A Multicenter, Open-Label, Randomized Crossover Trial to Assess Subject Preference for Alprazolam Orally Disintegrating Tablets Compared to Conventional Alprazolam Tablets in Subjects With Anxiety
Information source: UCB
Information obtained from ClinicalTrials.gov on June 20, 2008
Link to the current ClinicalTrials.gov record.

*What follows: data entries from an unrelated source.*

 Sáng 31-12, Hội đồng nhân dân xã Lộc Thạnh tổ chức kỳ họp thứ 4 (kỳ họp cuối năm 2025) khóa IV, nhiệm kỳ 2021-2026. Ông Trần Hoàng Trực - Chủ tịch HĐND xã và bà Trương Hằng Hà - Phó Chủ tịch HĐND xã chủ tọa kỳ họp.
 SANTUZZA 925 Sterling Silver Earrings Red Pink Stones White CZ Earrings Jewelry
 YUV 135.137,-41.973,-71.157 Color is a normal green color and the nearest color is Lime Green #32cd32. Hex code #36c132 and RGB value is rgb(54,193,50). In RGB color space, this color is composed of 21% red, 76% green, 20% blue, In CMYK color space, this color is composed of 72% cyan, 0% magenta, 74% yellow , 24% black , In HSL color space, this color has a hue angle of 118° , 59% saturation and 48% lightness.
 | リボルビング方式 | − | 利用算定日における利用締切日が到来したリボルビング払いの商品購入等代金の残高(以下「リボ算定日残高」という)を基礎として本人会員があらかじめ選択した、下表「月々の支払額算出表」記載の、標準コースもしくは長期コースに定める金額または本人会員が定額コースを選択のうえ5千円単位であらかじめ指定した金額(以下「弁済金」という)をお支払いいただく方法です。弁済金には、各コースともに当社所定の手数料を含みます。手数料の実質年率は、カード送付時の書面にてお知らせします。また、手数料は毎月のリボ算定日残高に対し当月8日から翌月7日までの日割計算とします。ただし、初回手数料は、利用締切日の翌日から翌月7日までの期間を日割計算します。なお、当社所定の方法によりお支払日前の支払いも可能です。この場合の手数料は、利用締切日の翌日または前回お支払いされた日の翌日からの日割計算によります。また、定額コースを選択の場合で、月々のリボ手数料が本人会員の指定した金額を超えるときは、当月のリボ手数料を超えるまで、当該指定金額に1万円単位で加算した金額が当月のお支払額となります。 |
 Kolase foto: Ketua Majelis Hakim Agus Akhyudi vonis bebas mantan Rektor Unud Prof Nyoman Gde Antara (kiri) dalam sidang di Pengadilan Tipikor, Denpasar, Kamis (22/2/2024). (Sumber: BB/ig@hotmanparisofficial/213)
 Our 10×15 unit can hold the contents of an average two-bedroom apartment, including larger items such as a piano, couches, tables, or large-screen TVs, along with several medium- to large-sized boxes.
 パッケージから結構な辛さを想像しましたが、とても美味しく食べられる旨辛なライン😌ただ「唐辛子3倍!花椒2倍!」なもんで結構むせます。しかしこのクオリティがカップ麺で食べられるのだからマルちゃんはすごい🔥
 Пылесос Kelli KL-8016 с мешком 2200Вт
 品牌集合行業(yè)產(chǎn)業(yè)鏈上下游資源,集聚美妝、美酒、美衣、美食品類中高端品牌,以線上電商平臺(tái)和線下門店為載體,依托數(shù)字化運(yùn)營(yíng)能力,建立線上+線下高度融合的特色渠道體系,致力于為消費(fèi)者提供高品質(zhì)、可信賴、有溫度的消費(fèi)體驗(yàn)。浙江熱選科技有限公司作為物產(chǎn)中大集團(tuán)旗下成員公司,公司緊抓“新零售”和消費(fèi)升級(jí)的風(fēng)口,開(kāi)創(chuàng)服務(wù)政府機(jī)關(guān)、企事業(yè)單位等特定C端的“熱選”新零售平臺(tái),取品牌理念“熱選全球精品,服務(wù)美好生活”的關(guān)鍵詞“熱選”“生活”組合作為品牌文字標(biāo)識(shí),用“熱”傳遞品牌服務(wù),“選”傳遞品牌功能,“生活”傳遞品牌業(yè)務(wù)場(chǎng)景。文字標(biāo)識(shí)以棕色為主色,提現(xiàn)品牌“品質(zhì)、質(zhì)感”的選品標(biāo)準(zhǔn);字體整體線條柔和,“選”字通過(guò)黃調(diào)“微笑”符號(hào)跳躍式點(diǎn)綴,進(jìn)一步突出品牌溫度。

Condition(s) targeted: Anxiety
Intervention: Alprazolam orally disintegrating tablets (Drug)
Phase: Phase 3
Status: Completed
Sponsored by: UCB Official(s) and/or principal investigator(s):
Patricia Witt, Study Director, Affiliation: UCB
Summary
This was a multicenter, open-label, randomized crossover trial comparing two treatments,
Alprazolam ODT versus conventional alprazolam tablets, in subjects who were already taking
conventional immediate-release alprazolam tablets for anxiety. The trial included five study
visits (four periods of 7 3 - day duration): Screening (Visit 1), Treatment Period 1 (Visit
2), Treatment Period 2 (Visit 3), Final Visit (Visit 4), and Follow-up (Visit 5 [telephone
visit]). At Visit 1, following screening, eligible subjects continued to take their own
conventional alprazolam as prescribed by their physician. At Visit 2, eligible subjects were
randomized in approximately equal numbers to one of two treatment sequences: Alprazolam ODT/
conventional alprazolam or conventional alprazolam/ Alprazolam ODT. Subjects continued
taking alprazolam in accordance with the treatment sequence to which they were assigned, at
the same dose regimen as their own prescribed alprazolam. At Visit 3, subjects crossed over
to the alternate treatment until Visit 4. At Visit 4, subjects completed the Subject
Preference Questionnaire, and a physical examination and clinical laboratory tests were
performed. At the end of Visit 4, subjects resumed taking their own conventional alprazolam.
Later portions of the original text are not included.